Retype exactly what runs from the first line of the data to the line with "Infos supplémentaires animations", keeping both of those lines and skipping pictures.

▶ **Dataset excerpt**:
-=-=-

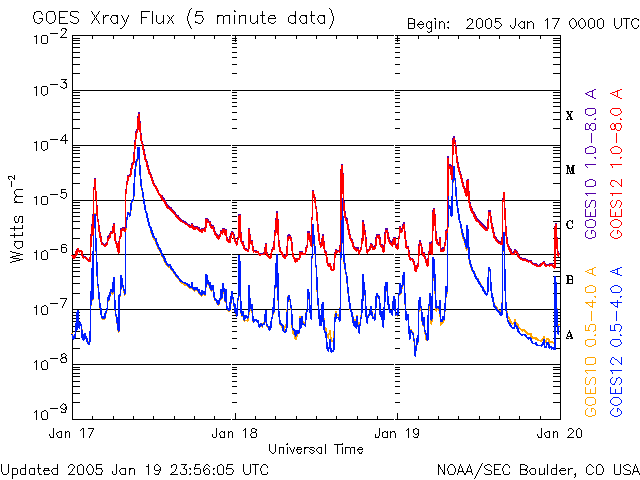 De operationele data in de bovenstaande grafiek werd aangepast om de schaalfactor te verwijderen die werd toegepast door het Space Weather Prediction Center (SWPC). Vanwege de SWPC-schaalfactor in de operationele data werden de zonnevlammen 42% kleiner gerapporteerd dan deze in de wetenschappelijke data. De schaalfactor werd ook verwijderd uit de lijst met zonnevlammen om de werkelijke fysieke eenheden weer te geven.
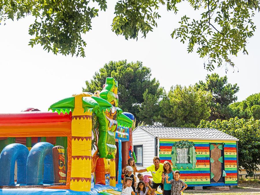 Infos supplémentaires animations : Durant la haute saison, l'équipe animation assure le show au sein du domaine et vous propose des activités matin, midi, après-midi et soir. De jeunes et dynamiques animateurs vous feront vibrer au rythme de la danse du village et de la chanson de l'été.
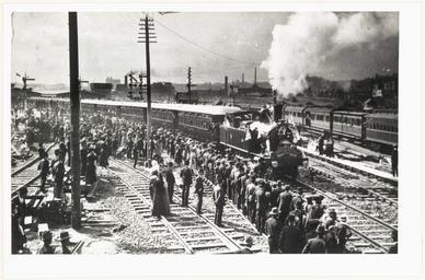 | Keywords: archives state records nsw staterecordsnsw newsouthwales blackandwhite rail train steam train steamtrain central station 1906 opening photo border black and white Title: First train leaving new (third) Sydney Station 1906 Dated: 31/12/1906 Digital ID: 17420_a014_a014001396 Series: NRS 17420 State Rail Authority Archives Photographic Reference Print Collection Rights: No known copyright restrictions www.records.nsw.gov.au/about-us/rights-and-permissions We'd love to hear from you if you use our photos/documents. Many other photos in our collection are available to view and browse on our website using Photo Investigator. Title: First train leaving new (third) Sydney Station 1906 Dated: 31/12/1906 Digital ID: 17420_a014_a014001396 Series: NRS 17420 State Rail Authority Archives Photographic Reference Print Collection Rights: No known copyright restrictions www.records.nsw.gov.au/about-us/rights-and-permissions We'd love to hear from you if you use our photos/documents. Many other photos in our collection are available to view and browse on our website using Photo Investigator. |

-=-=-

▶ **Result of this task**:
 De operationele data in de bovenstaande grafiek werd aangepast om de schaalfactor te verwijderen die werd toegepast door het Space Weather Prediction Center (SWPC). Vanwege de SWPC-schaalfactor in de operationele data werden de zonnevlammen 42% kleiner gerapporteerd dan deze in de wetenschappelijke data. De schaalfactor werd ook verwijderd uit de lijst met zonnevlammen om de werkelijke fysieke eenheden weer te geven.
 Infos supplémentaires animations : Durant la haute saison, l'équipe animation assure le show au sein du domaine et vous propose des activités matin, midi, après-midi et soir. De jeunes et dynamiques animateurs vous feront vibrer au rythme de la danse du village et de la chanson de l'été.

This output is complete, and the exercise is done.